WHAT NEEDS TO BE DONE: Extract the run of lines that starts at the top of the records below and ends at the line with "视觉中国股价倒下,一堆公司的", keeping both ends and excluding pictures.

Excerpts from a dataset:
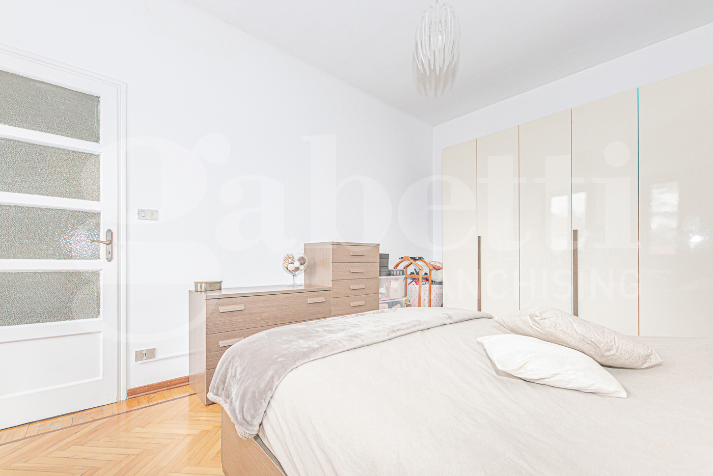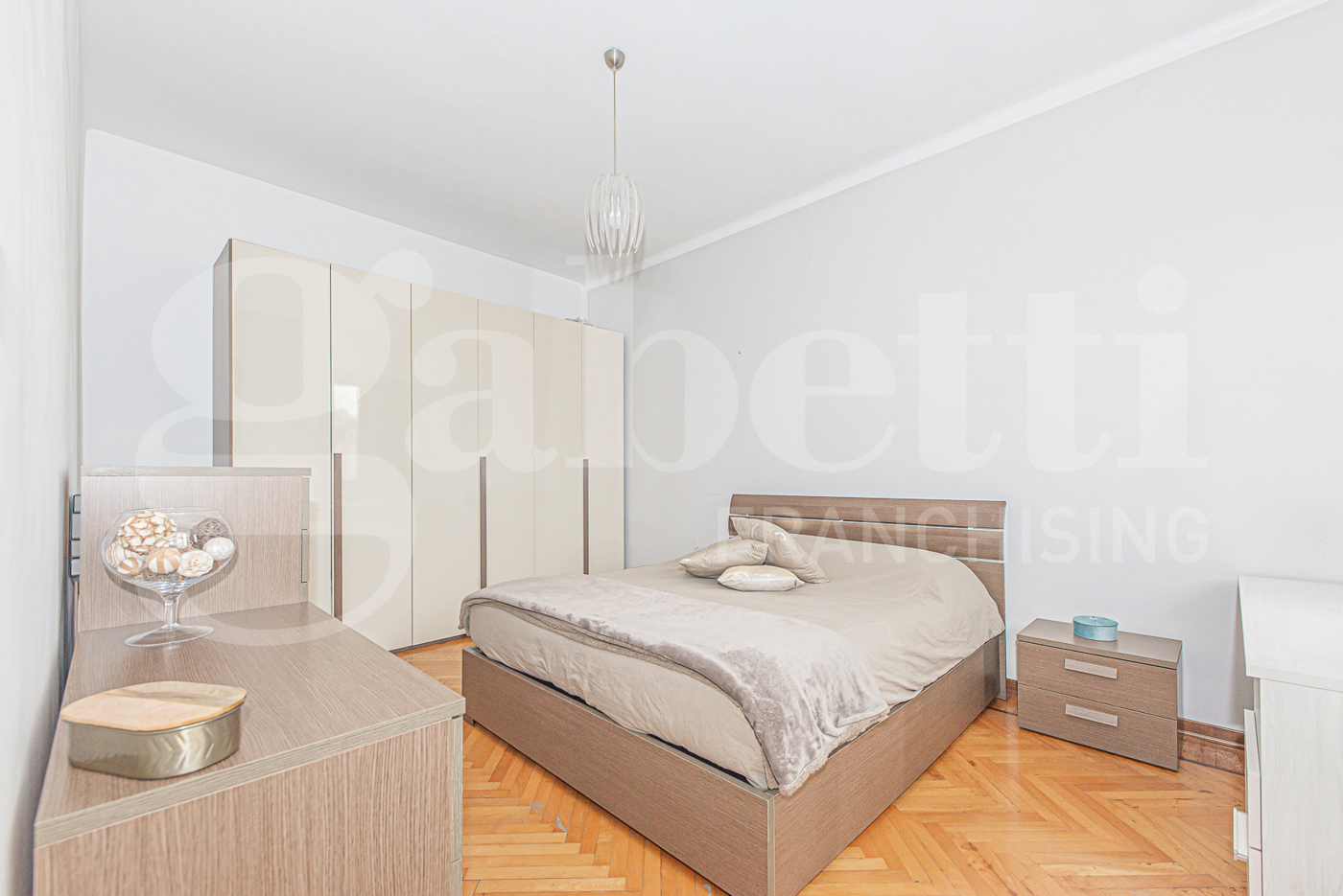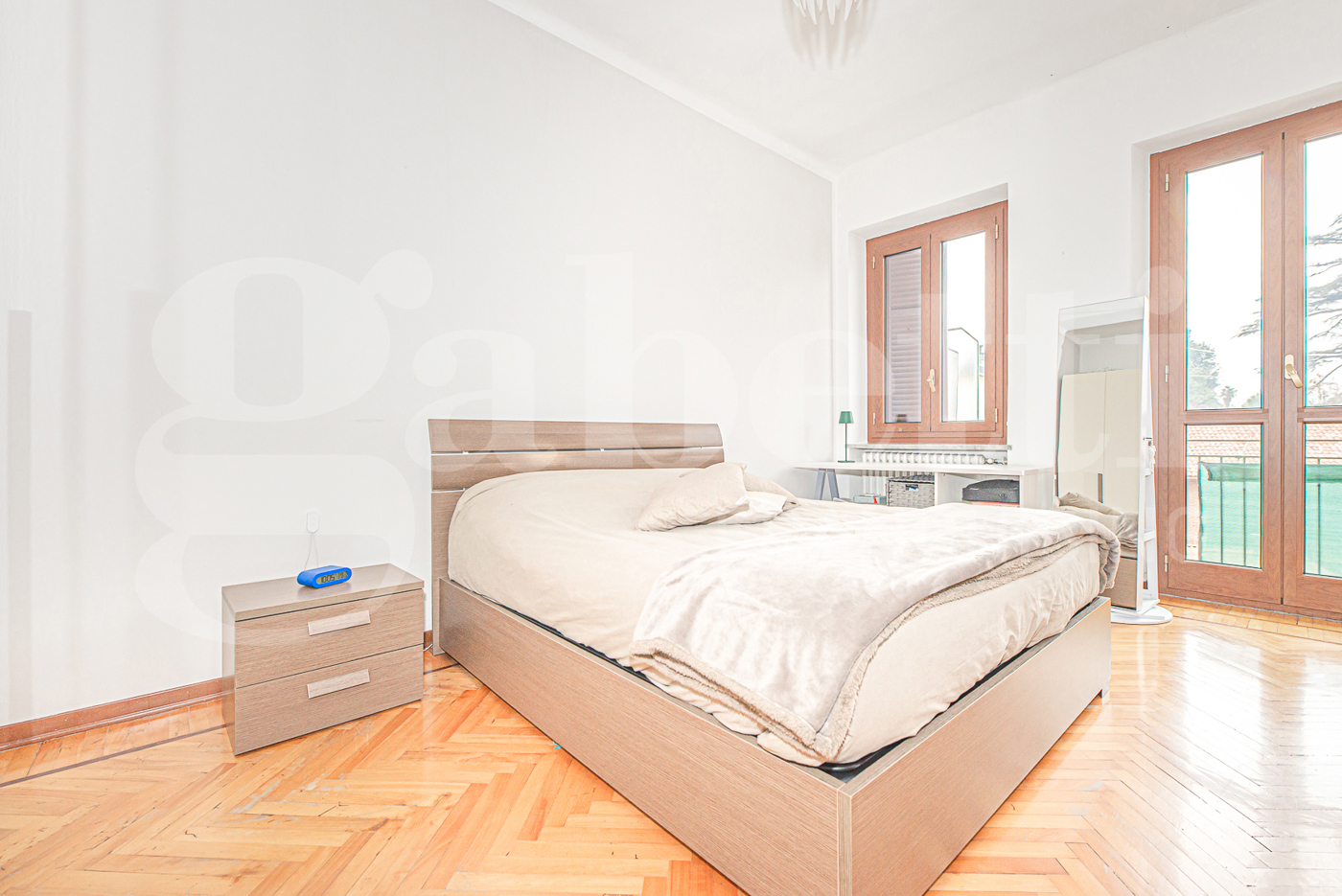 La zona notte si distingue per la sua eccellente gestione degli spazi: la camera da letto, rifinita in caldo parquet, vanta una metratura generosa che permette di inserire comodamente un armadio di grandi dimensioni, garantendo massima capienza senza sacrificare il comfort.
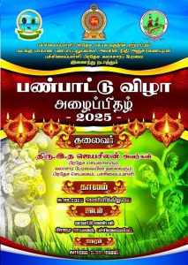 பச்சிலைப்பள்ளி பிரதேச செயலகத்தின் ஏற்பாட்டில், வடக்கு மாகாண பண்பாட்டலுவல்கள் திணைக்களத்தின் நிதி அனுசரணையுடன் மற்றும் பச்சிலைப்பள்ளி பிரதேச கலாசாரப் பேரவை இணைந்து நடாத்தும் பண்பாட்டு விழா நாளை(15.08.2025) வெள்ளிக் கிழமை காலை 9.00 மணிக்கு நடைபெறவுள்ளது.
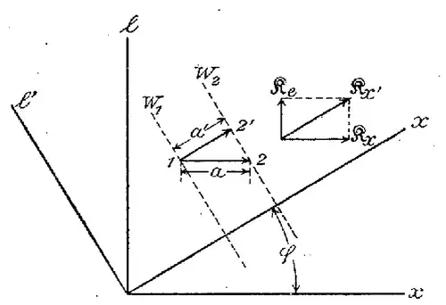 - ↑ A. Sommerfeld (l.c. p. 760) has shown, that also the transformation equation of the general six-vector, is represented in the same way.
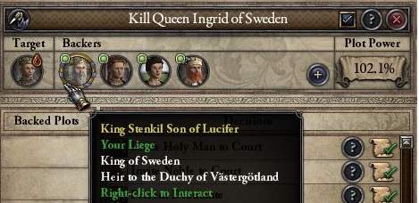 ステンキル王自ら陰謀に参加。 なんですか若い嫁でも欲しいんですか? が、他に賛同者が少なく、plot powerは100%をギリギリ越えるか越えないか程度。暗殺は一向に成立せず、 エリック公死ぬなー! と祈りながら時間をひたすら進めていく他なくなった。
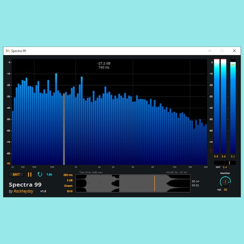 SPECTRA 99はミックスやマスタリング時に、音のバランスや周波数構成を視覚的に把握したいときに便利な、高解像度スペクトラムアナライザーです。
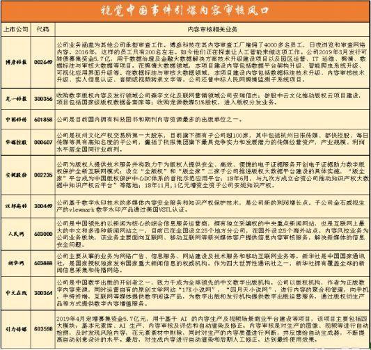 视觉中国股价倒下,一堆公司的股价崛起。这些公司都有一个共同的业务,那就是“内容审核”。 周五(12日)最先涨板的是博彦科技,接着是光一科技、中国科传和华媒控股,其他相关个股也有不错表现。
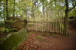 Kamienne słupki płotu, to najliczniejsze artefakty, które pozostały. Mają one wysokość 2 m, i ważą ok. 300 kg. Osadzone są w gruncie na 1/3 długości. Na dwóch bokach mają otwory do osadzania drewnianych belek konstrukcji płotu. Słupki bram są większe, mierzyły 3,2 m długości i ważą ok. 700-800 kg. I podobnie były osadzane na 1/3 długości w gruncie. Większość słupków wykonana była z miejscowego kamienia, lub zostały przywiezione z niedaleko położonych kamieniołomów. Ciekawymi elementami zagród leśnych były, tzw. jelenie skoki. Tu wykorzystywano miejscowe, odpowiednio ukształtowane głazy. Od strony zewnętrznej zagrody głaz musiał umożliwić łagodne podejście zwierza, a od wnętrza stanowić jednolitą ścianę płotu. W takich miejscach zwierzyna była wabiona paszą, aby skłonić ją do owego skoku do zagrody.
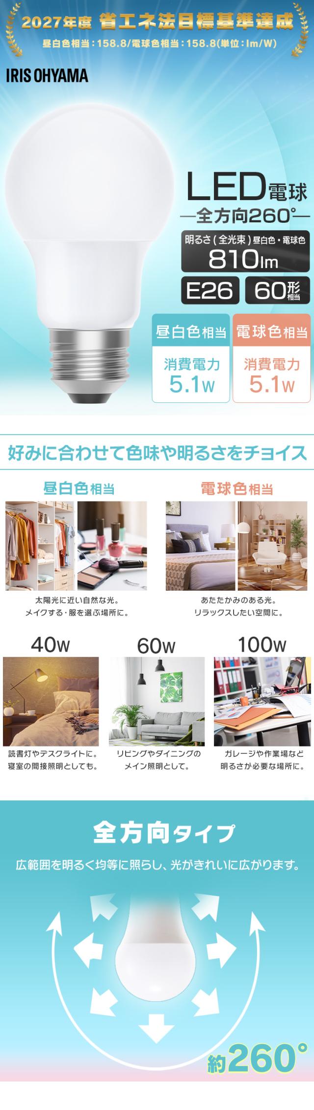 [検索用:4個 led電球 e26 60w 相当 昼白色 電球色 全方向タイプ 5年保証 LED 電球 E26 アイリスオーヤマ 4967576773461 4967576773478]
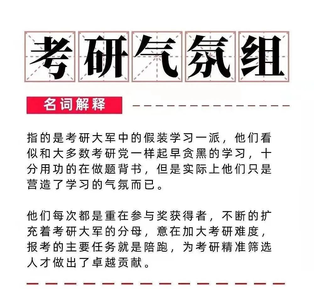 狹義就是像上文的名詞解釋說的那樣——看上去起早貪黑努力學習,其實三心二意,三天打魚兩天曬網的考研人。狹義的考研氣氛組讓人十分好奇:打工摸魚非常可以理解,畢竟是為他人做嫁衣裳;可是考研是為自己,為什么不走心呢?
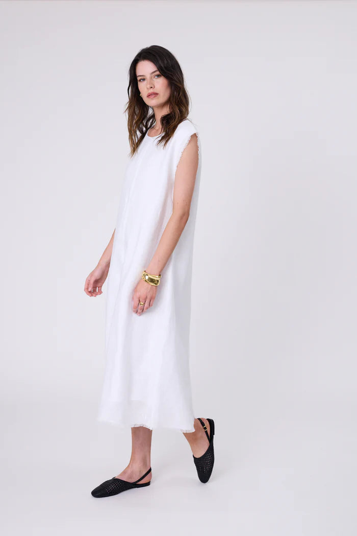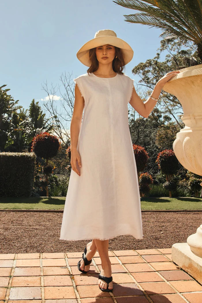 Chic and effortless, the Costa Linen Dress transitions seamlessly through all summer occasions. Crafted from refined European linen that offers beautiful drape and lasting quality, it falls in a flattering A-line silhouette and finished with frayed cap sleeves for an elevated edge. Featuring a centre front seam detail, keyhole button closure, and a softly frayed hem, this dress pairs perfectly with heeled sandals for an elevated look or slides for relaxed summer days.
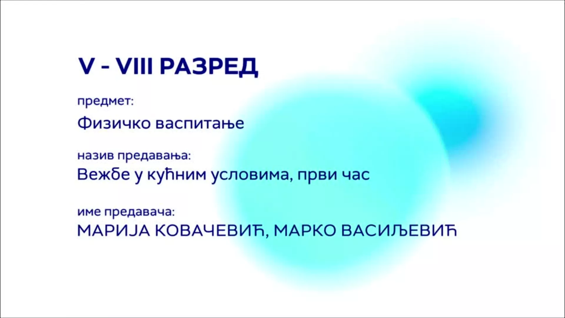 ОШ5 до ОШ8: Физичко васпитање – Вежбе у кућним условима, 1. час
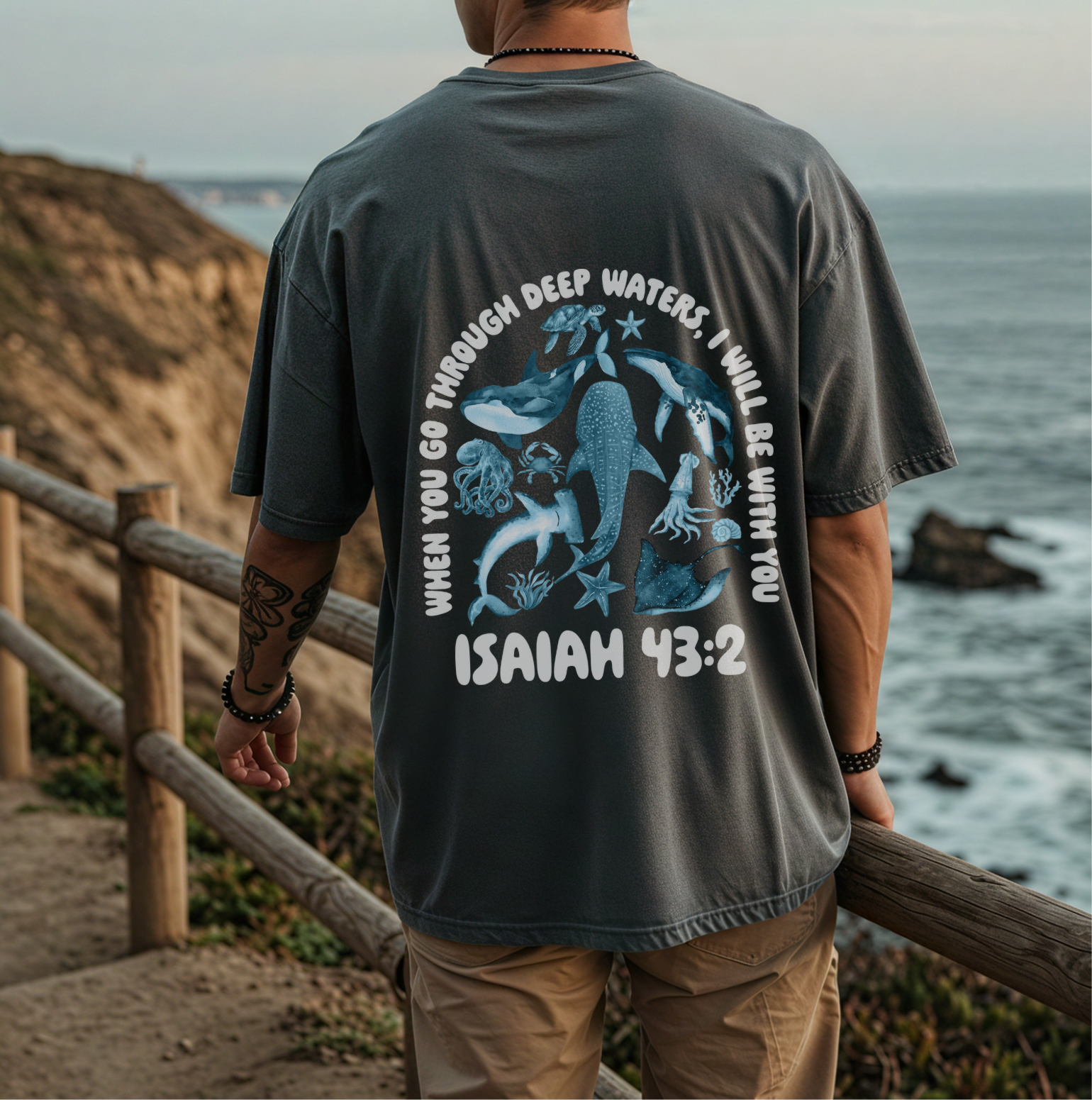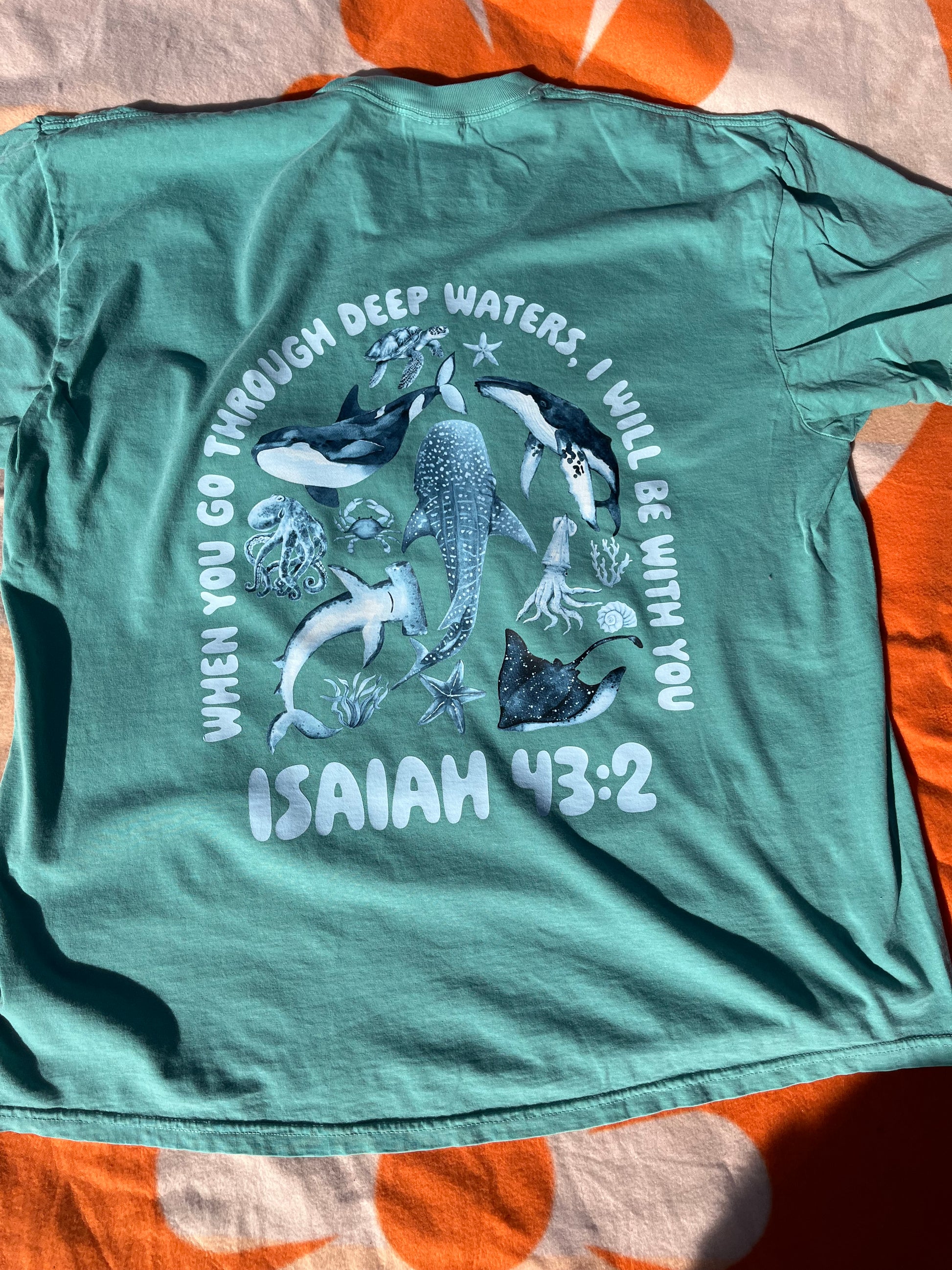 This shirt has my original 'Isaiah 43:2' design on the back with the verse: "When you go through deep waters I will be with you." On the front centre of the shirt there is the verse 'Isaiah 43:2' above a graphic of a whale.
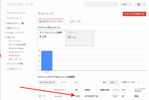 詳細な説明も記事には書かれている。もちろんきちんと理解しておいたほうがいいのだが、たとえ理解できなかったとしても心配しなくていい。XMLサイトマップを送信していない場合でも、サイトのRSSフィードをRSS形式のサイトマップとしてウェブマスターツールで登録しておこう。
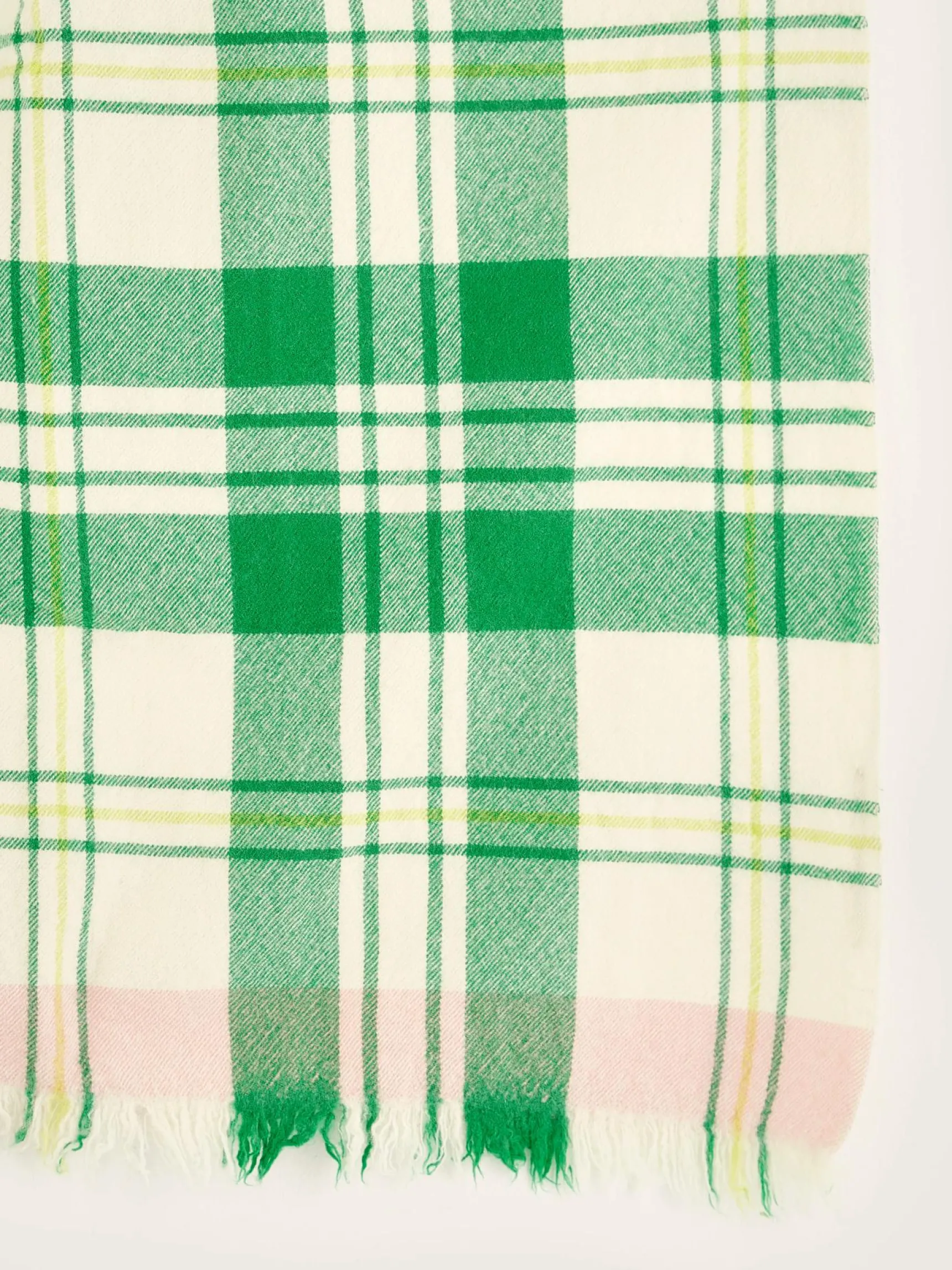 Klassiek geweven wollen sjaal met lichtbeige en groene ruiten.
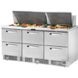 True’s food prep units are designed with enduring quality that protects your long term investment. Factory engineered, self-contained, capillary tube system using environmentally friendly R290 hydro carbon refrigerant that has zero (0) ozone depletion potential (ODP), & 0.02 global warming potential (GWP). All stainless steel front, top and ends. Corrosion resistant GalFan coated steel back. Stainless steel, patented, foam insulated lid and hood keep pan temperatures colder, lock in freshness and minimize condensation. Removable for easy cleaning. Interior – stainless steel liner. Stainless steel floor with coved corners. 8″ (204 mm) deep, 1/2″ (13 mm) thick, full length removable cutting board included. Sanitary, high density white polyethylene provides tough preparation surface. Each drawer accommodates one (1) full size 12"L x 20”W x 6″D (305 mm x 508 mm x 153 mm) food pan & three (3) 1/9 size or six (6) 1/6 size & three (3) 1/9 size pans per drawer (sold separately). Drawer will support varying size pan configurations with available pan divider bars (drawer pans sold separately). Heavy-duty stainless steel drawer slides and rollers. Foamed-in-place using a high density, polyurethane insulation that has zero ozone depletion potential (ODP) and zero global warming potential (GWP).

SOLVED PROBLEM:
 La zona notte si distingue per la sua eccellente gestione degli spazi: la camera da letto, rifinita in caldo parquet, vanta una metratura generosa che permette di inserire comodamente un armadio di grandi dimensioni, garantendo massima capienza senza sacrificare il comfort.
 பச்சிலைப்பள்ளி பிரதேச செயலகத்தின் ஏற்பாட்டில், வடக்கு மாகாண பண்பாட்டலுவல்கள் திணைக்களத்தின் நிதி அனுசரணையுடன் மற்றும் பச்சிலைப்பள்ளி பிரதேச கலாசாரப் பேரவை இணைந்து நடாத்தும் பண்பாட்டு விழா நாளை(15.08.2025) வெள்ளிக் கிழமை காலை 9.00 மணிக்கு நடைபெறவுள்ளது.
 - ↑ A. Sommerfeld (l.c. p. 760) has shown, that also the transformation equation of the general six-vector, is represented in the same way.
 ステンキル王自ら陰謀に参加。 なんですか若い嫁でも欲しいんですか? が、他に賛同者が少なく、plot powerは100%をギリギリ越えるか越えないか程度。暗殺は一向に成立せず、 エリック公死ぬなー! と祈りながら時間をひたすら進めていく他なくなった。
 SPECTRA 99はミックスやマスタリング時に、音のバランスや周波数構成を視覚的に把握したいときに便利な、高解像度スペクトラムアナライザーです。
 视觉中国股价倒下,一堆公司的股价崛起。这些公司都有一个共同的业务,那就是“内容审核”。 周五(12日)最先涨板的是博彦科技,接着是光一科技、中国科传和华媒控股,其他相关个股也有不错表现。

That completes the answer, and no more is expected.